Stream with output guardrails
The previous lesson gave us a fully guarded agent:
- Input guardrails check the learner's question.
- The FAQ agent answers allowed questions.
- Output guardrails check the answer before the learner sees it.
That works when run(...) returns one complete string.
Streaming changes that interface, since the agent may produce the answer one chunk at a time. The output guardrail can only check it once there's enough text to review.
If we stream every chunk immediately, the learner may see unsafe text before the output guardrail has had a chance to block it.
This matters more for longer answers. Users now expect chat products to start showing text while the model is still writing. If we wait for the whole answer and then run output checks, the interface feels slower.
In this part, we keep the same guardrail design and compare two streaming patterns:
- Use a final LLM review and overwrite the displayed answer when it fails.
- Use lightweight checks that can block a chunk before it's shown.
Streaming agent interface
So far, our wrappers use this interface:
class RunnableAgent(Protocol):
async def run(self, question: str) -> str:
...
For streaming, we need a different interface.

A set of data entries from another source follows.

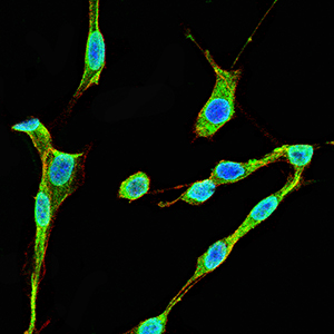 Immunofluorescence analysis of C6 cells using NQO1 mouse mAb (green). Blue: DRAQ5 fluorescent DNA dye. Red: Actin filaments have been labeled with Alexa Fluor- 555 phalloidin.
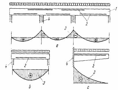 Fig. 1.6 Principiul de asezare a armaturii de rezistenta: a - grinda continua pe mai multe reazeme; b - grinda simplu rezemata; c - grinda in consola; 1 - grinda de beton armat; 2 - armatura de rezistenta; 3 - diagrama de momente incovoietoare; 4 - reazem vertical.
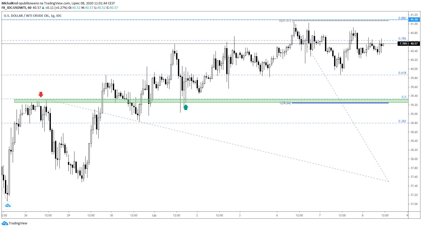 Obecny tydzień przynosi uspokojenie nastrojów. Pozostawia to otwarte scenariusze wzrostowe jak i spadkowe. Odniesienie do strefy podażowej zostało przedstawione powyżej wykresu. W przypadku najbliższego targetu spadkowego pojawia się poziom cenowym 39,25 USD za baryłkę.
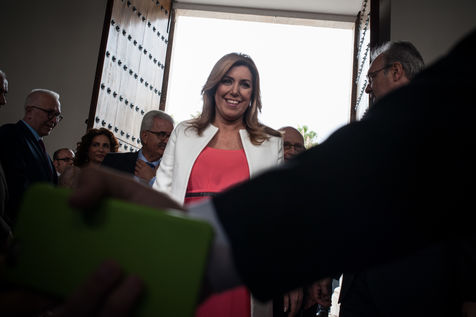 Investiture de la présidente de la région autonome d'Andalousie, Susana Diaz, en présence de l'ex-premier ministre espagnol José Luis Rodriguez Zapatero et du nouveau leader socialiste Pedro Sanchez. Numéro deux du PSOE (parti socialiste Espagnol), Mme Diaz est réelue pour un second mandat à la tête de l'Andalousie (historiquement trés encrée à gauche), malgré de nombreuses critiques et accusations de corruption et conflits d'intêret et un chômage dans la région qui frôle les 27%
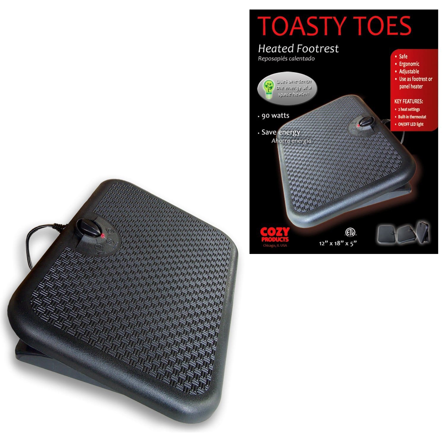 The Toasty Toes ergonomic heated footrest provides much needed warmth and relief to tired and cold feet. Dual-tasking, this unit provides ergonomic support as it warms. The Toasty Toes is adjustable in 3 positions and fits perfectly under a desk or in front of your favorite chair at home. The provided warmth is not only adjustable through a three setting switch, but it also helps to promote circulation within your feet. There are no hazards of tipping or overheating since the device only draws 90 watts of energy (compare that to a standard 1,200 watt space heater); about the same amount as a standard light bulb.
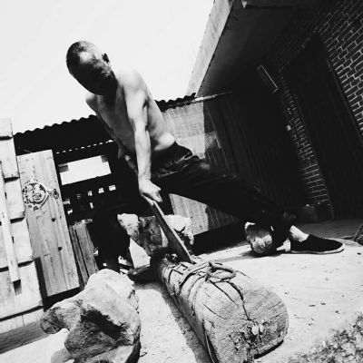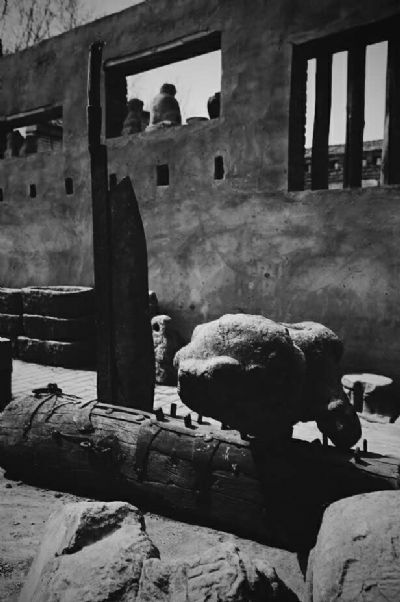 如果說(shuō)“西西弗斯”的行為是一種有希望(至少能從山腳搬到山頂)的不可能話,那朱新戰(zhàn)的“鍘石獅”則是一種無(wú)希望(誰(shuí)的鍘刀能切開石頭?)的不可能。

Instead of returning one string, the agent returns an async iterator of text chunks.
Define a streaming interface:
from collections.abc import AsyncIterator
from typing import Protocol
class StreamingAgent(Protocol):
def stream(self, question: str) -> AsyncIterator[str]:
...
Instead of the final answer, the stream(...) method returns something
we can loop over with async for.
For example:
async for chunk in streaming_agent.stream(question):
print(chunk, end="")
Each chunk is part of the answer.
Fake streaming agent
Before adding guardrails, use a small fake streaming agent so the control flow is visible.
import asyncio
class FakeStreamingAgent:
async def stream(self, question: str) -> AsyncIterator[str]:
chunks = [
"The FAQ says ",
"you should ask course staff ",
"about deadline extensions.",
]
for chunk in chunks:
await asyncio.sleep(0.2)
yield chunk
Create it:
streaming_agent = FakeStreamingAgent()
Run it:
async for chunk in streaming_agent.stream(
"Can I get a deadline extension?"
):
print(chunk, end="")
The notebook prints each chunk as soon as the agent yields it.
That's the user experience we want for allowed answers, and it's also the reason output guardrails need extra care.
Stream first, review after
We can keep the streaming experience and treat the LLM guardrail as a final review step.
Use this flow:
- Stream the answer into the UI.
- Check the complete answer with the LLM guardrail.
- If the guardrail fails, replace the displayed answer with a violation message.
In a notebook, the overwrite is a display behavior. The wrapper streams text, and the renderer decides what the learner sees.
Create a renderer that can update the same notebook output:
from guardrails import OutputGuardrail
from IPython.display import Markdown, display
async def render_stream_with_final_review(
streaming_agent: StreamingAgent,
guardrails: list[OutputGuardrail],
question: str,
):
shown_chunks = []
handle = display(Markdown(""), display_id=True)
async for chunk in streaming_agent.stream(question):
shown_chunks.append(chunk)
handle.update(Markdown("".join(shown_chunks)))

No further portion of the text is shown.